A New Golden Age for Computer Architecture - wheresvic1
https://cacm.acm.org/magazines/2019/2/234352-a-new-golden-age-for-computer-architecture/fulltext
======
gbrown_
Previous discussion
[https://news.ycombinator.com/item?id=19023734](https://news.ycombinator.com/item?id=19023734)

------
bem94
There is _so_ much to unpack in this article. I pick this claim: That RISC-V
is a simple(r) architecture and therefore meaningfully easier to verify[0].

The base RISC-V ISA is indeed very small. However, to compete with
ARM/MIPS/x86 usefully as an application core, one must include many standard
extensions. All of which add comparable complexity to the ARM/MIPS feature
which they ape. It feels wrong to assert then without some serious
qualification that RISC-V is simpler or easier to verify. A RISC-V core is no
more or less complex to verify than a comparably featured ARM/MIPS core.

That said, and open ISA like RISC-V can really lead the way in terms of shared
verification IP. _That_ is the benefit to an open ISA, not it's simplicity,
but the fact that it becomes worthwhile for people to share their verification
infrastructure. Unfortunately, I haven't seen much of this yet. riscv-formal
is amazing, and the riscv-compliance suites are getting better, but proper
constrained random stimulus generation and coverage collecton? Not yet, at
least, not out there in the open source world.
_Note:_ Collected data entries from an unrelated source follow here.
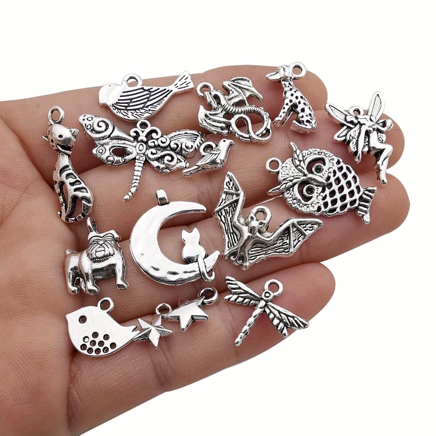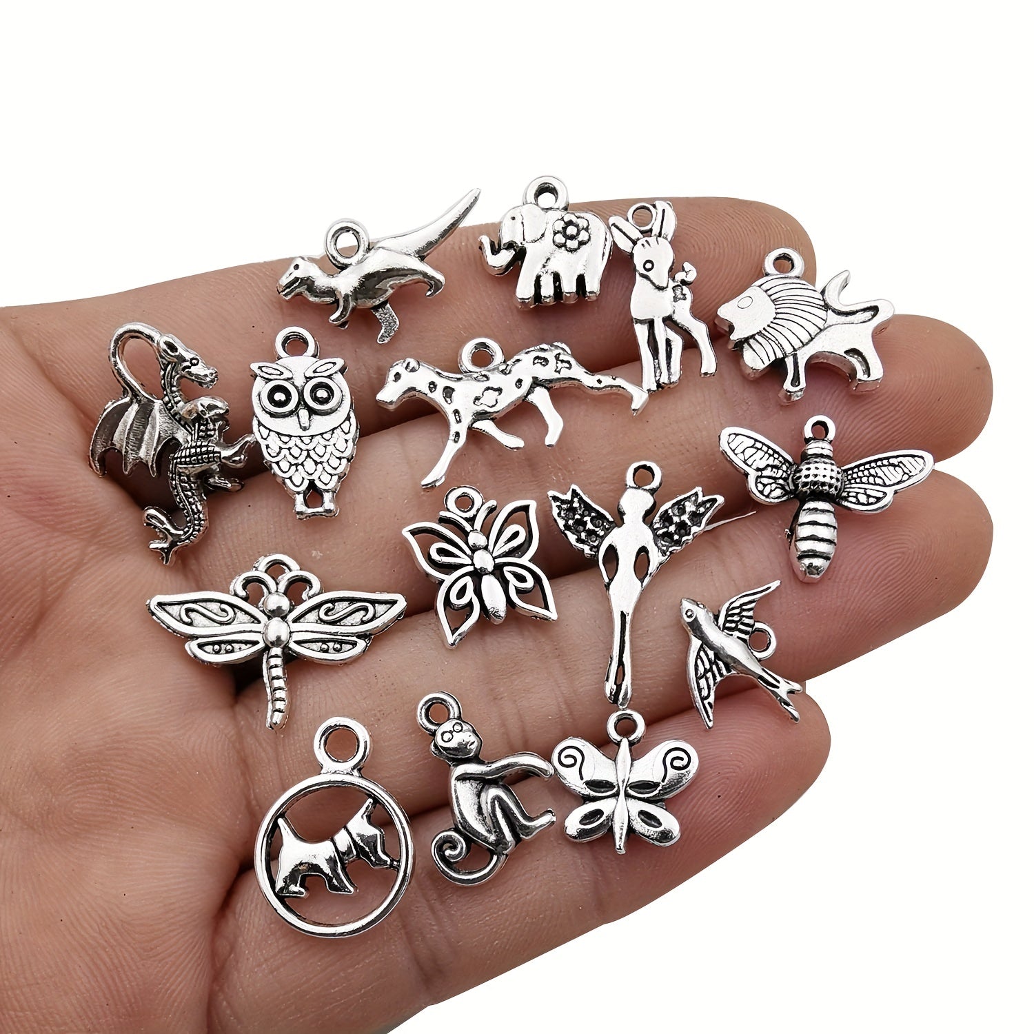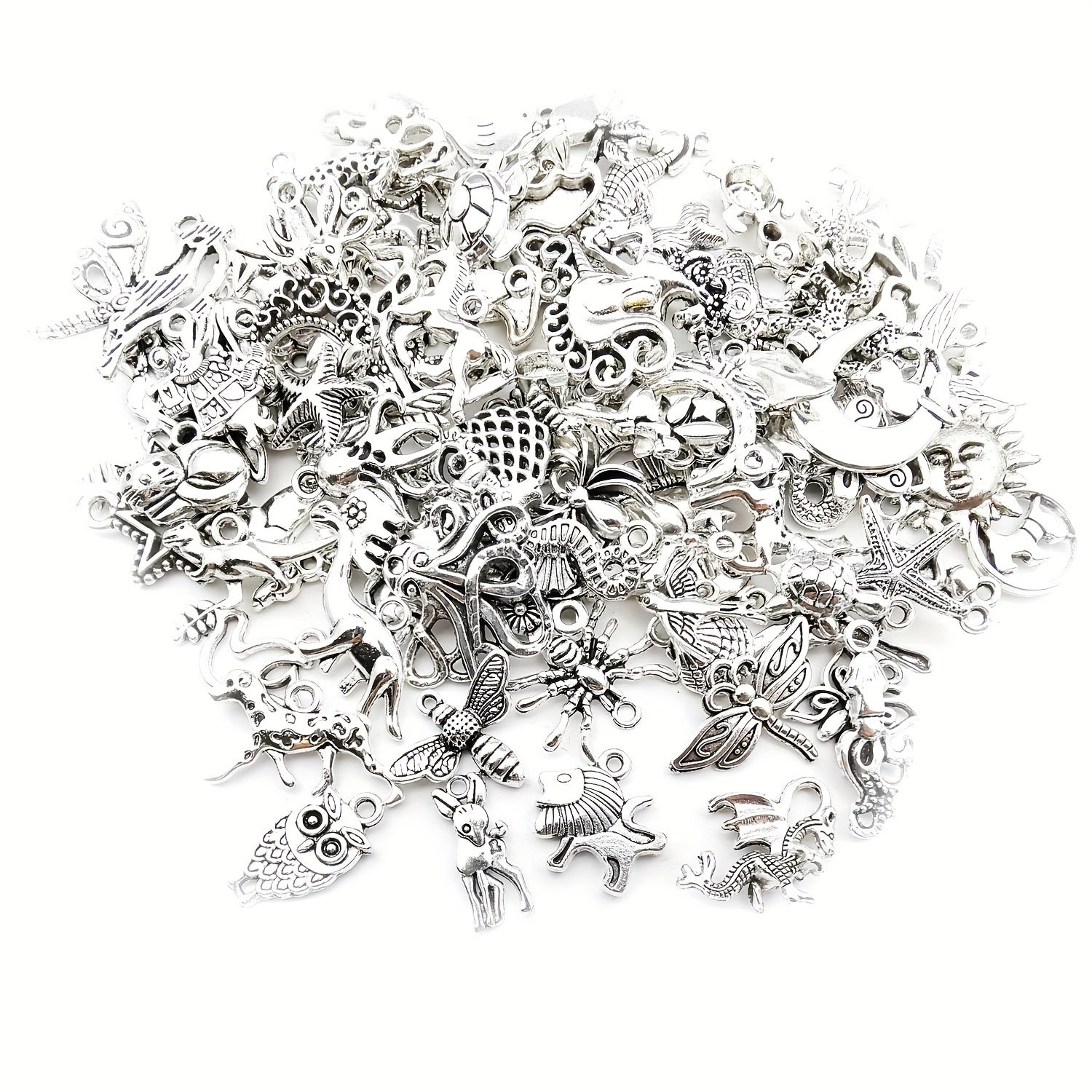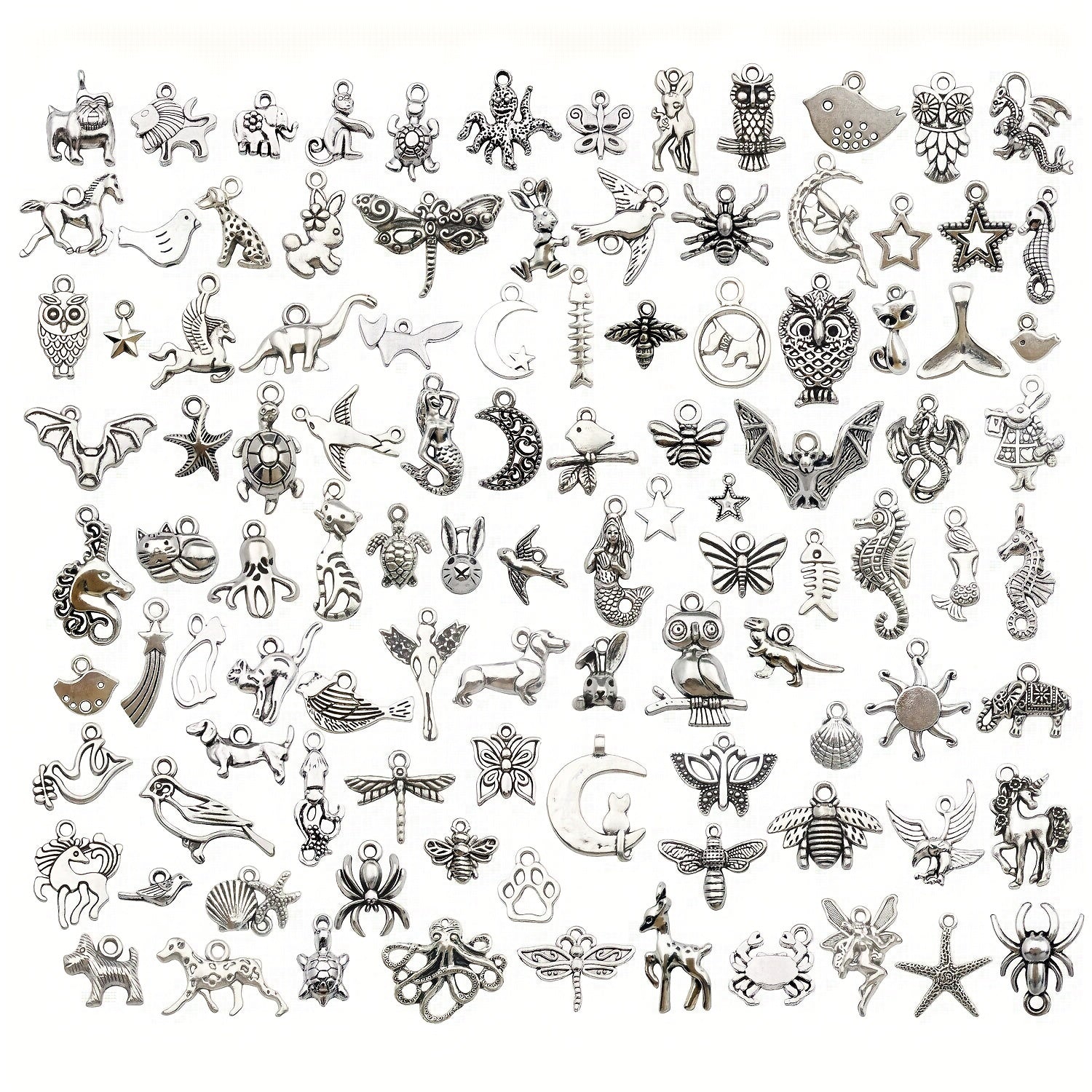 Get a random assortment of 100 animal charms for your jewelry making projects. These antique silver charms are perfect for creating unique necklaces and bracelets.
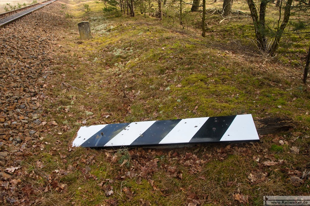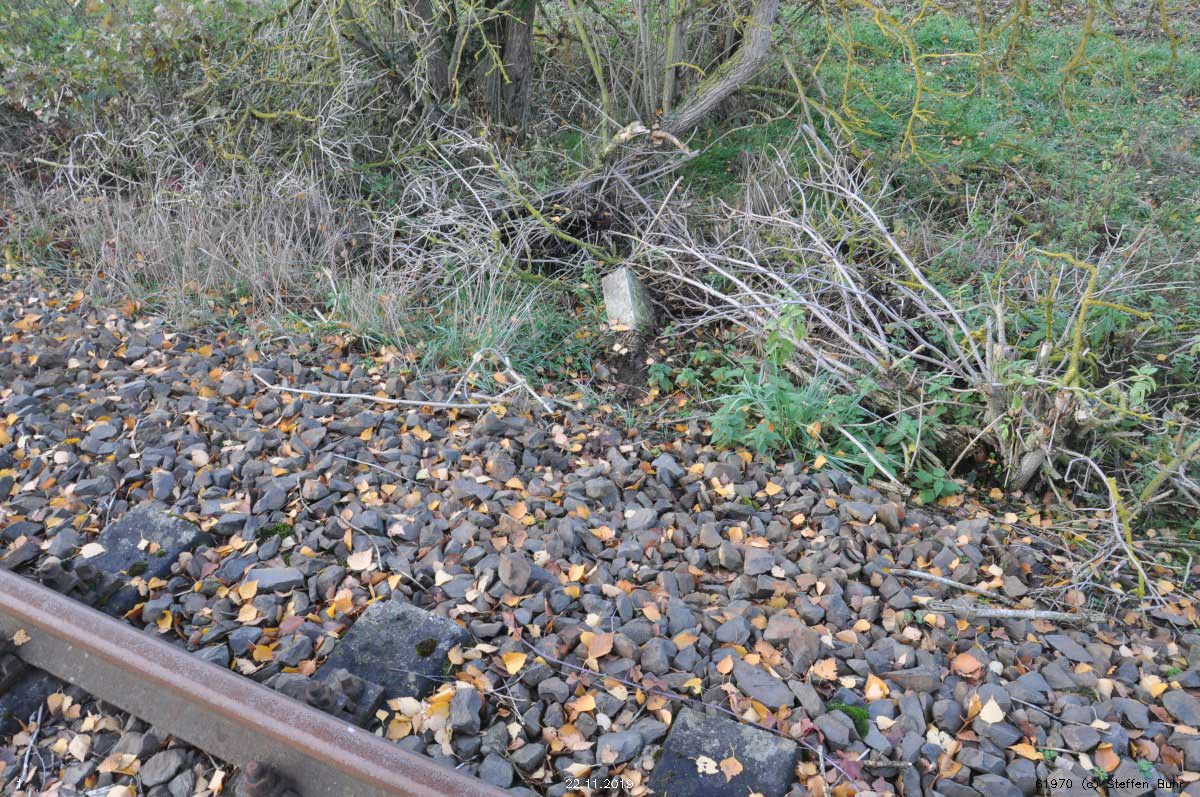 | km 95,01 der Strecke Halle (Saale) Hbf -0,31 - Eilenburg 49,28 - Falkenberg (Elster) (oben) 95,01 - Cottbus 174,00 - km 176,70 = km 0,0 - km 11,37 = km 186,61 - Peitz Ost 188,15 - Guben 211,53 (6345) | ||
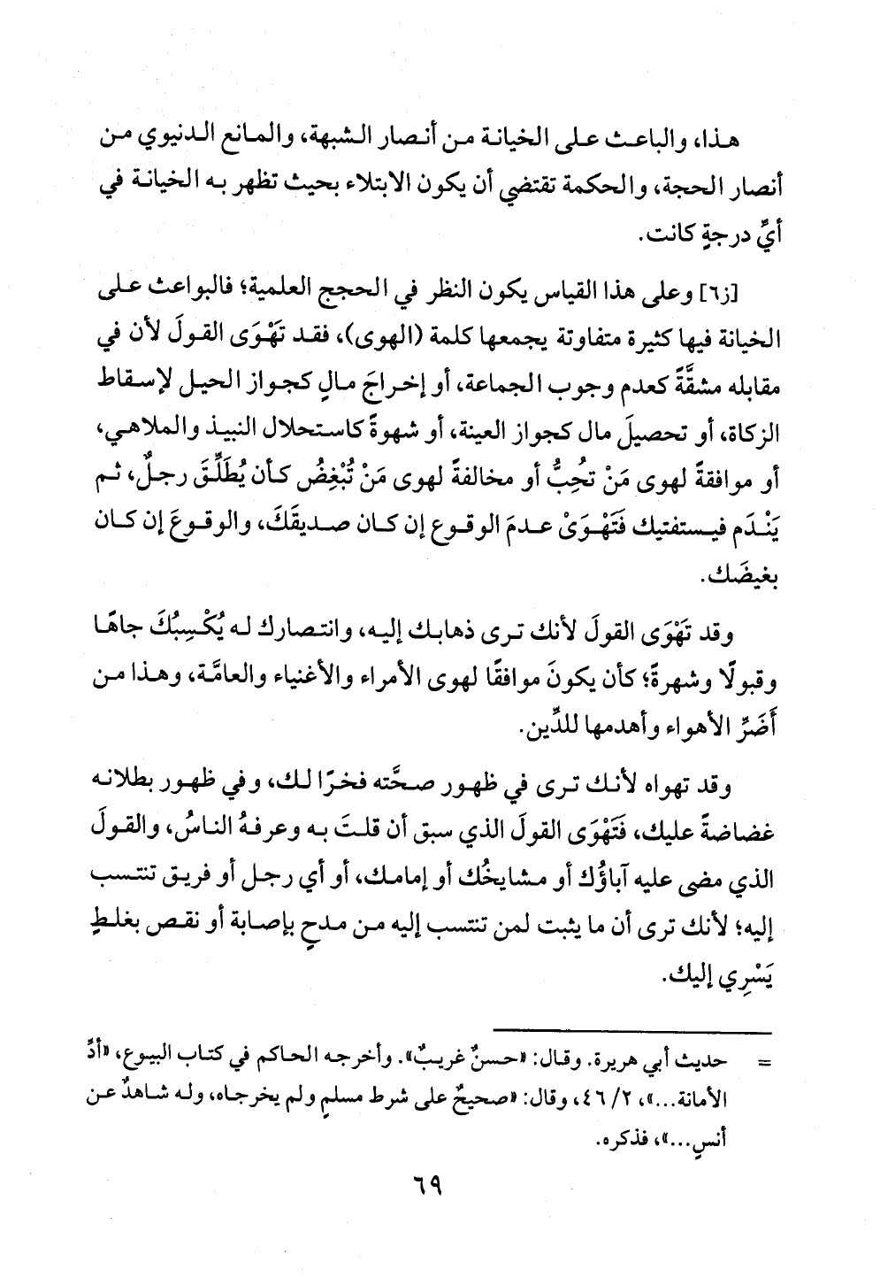 [ز ٦] وعلى هذا القياس يكون النظر في الحجج العلمية؛ فالبواعث على الخيانة فيها كثيرة متفاوتة يجمعها كلمة (الهوى)، فقد تَهْوَى القولَ لأن في مقابله مشقَّةً كعدم وجوب الجماعة، أو إخراجَ مالٍ كجواز الحيل لإسقاط الزكاة، أو تحصيلَ مال كجواز العينة، أو شهوةً كاستحلال النبيذ والملاهي، أو موافقةً لهوى مَنْ تُحِبُّ أو مخالفةً لهوى مَنْ تُبْغِضُ كأن يُطَلِّقَ رجلٌ، ثم يَنْدَم فيستفتيك فَتَهْوَىْ عدمَ الوقوع إن كان صديقَكَ، والوقوعَ إن كان بغيضَك.
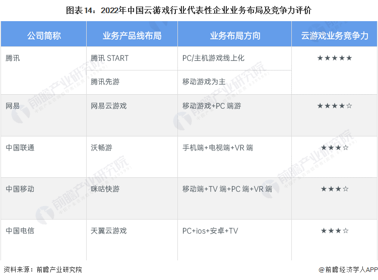 从企业竞争力的角度来看,前瞻结合中国云游戏行业主要企业的云游戏业务营收规模和企业主要聚焦业务类型,并通过对比企业技术规模发展现状,总结出目前中国云游戏行业企业竞争格局,综合来看腾讯和网易在云游戏业务中具备一定的竞争优势:
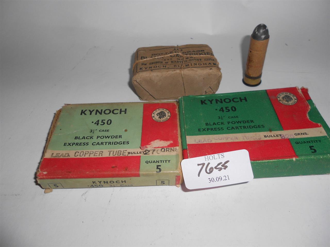 2 original Kynoch cartons of 5 rounds .450 3/4in. Black Powder Express 270 grn. lead / copper tube bullet, one sealed packet the other with rounds that have corrosion on them.
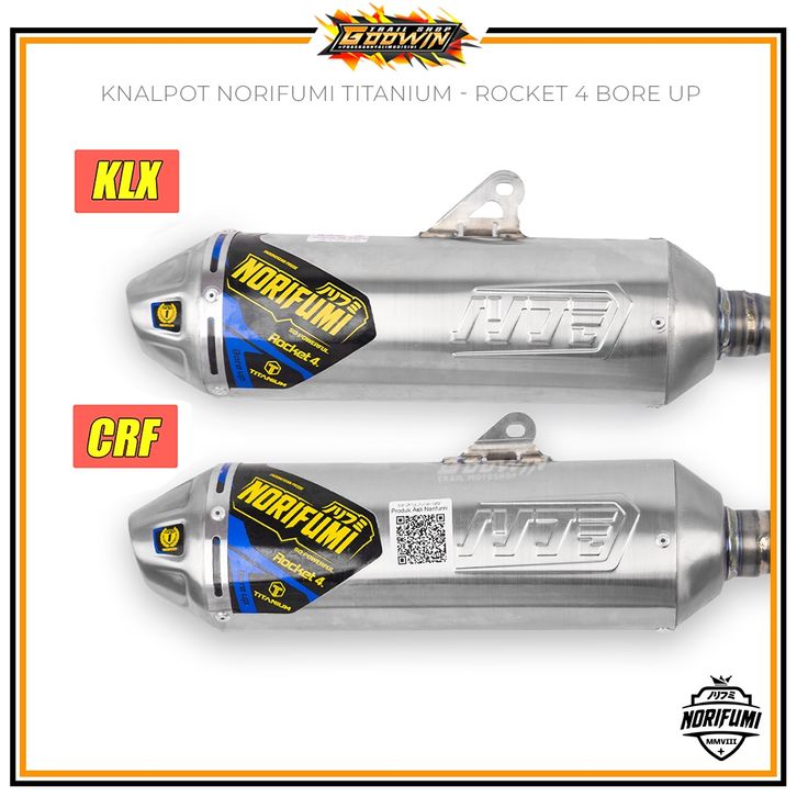 KNALPOT NORIFUMI ROCKET 4 TITANIUM KOMPETISI BORE UP SE KLX 150 BF DT / KLX 140 BUILT UP CRF 150 L WR 155 R STAINLESS OR
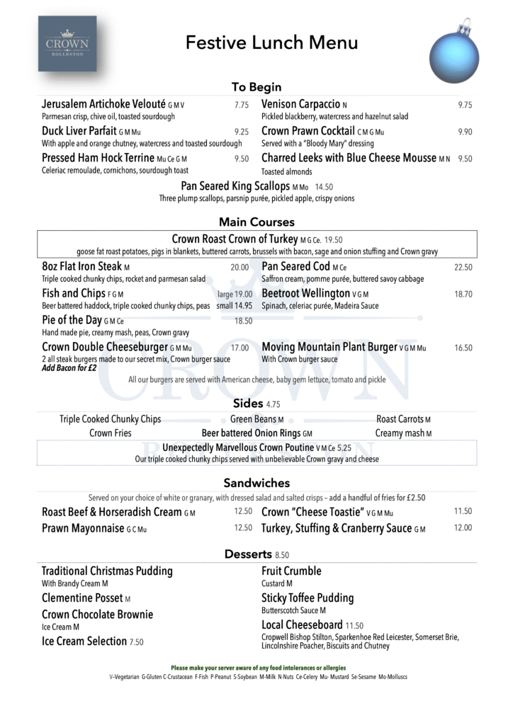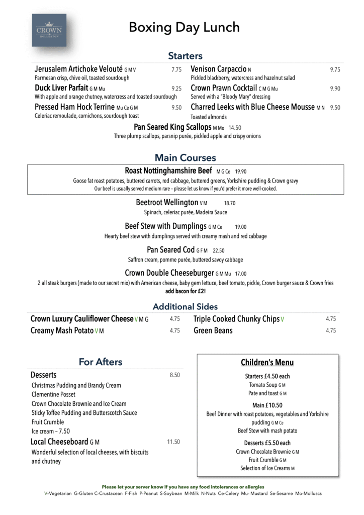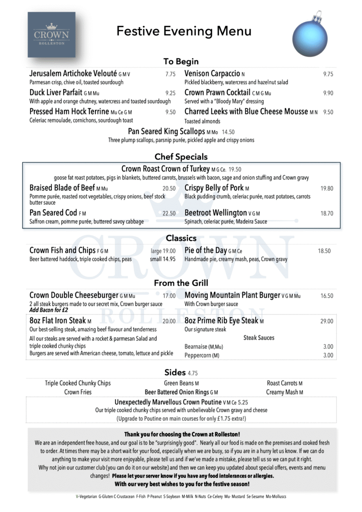 Take a look at Our Menus Our menus change regularly so look out for specials in the restaurant! Evening menu Lunch Menu Sunday Menu Children's Steak Night Christmas Day Boxing Day New Year's Eve Return To Top Return To Top Return To Top Return To Top Return To Top Return To Top Return To Top Return To Top
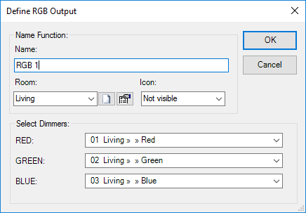 dans ce champ, vous pouvez sélectionner les trois variateurs d’éclairage qui constituent ensemble l’éclairage multicolore. Il y a 1 variateur d’éclairage prévu pour la couleur rouge, 1 pour la couleur verte et 1 pour la couleur bleue.

I really wish that Western
Digital had included their verification infrastructure when they open sourced
Swerv [1].

Really enjoyed the article otherwise!

0 - A reasonable person might disagree this claim is being so explicitly made,
but that's what I took from it.

1 -
[https://github.com/westerndigitalcorporation/swerv_eh1](https://github.com/westerndigitalcorporation/swerv_eh1)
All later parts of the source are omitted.